BEGIN Data extract
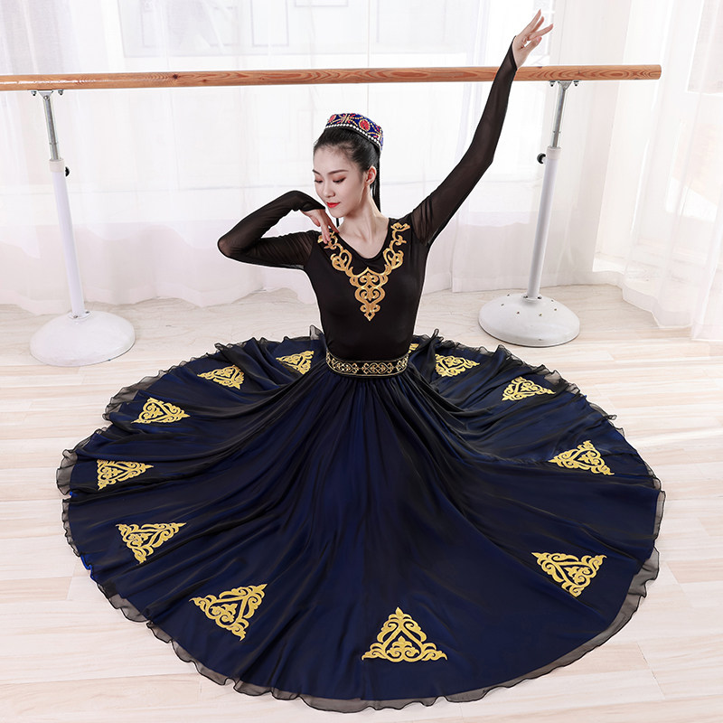 新款 维吾尔族服饰半身大摆裙 新疆舞蹈练习裙维族舞艺考演出服装
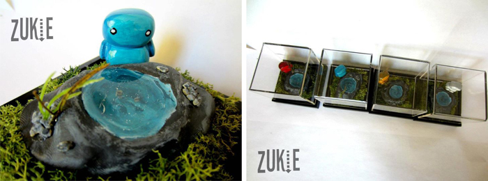 Next we have the Summer Time! Zukies, which have been limited to 4 one-off designs. Coming in red, turquoise, yellow and white, these sun loving creatures have been crafted with a mixture of sculpey, clear resin, and hobby grass. 100% hand sculpt and painted, the Summer Time! Zukies will be available alongside the Spring Blossoms for just $70 a piece…
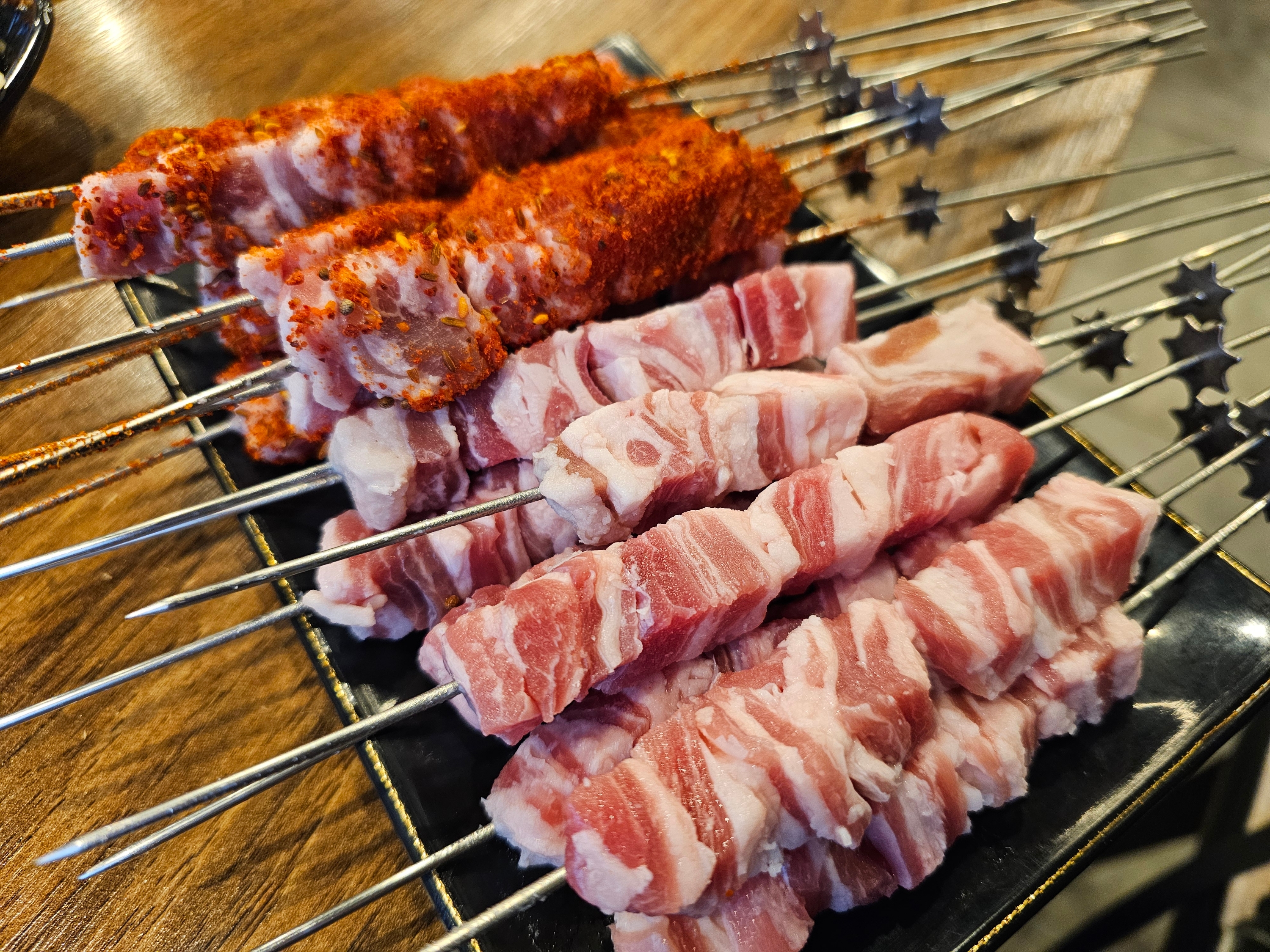양꼬치 양념과 생으로 한 개씩 주문...
END Data extract
Task statement: In your copy of the material, every word must match and no image should appear.

Task answer:
 新款 维吾尔族服饰半身大摆裙 新疆舞蹈练习裙维族舞艺考演出服装
 Next we have the Summer Time! Zukies, which have been limited to 4 one-off designs. Coming in red, turquoise, yellow and white, these sun loving creatures have been crafted with a mixture of sculpey, clear resin, and hobby grass. 100% hand sculpt and painted, the Summer Time! Zukies will be available alongside the Spring Blossoms for just $70 a piece…
양꼬치 양념과 생으로 한 개씩 주문...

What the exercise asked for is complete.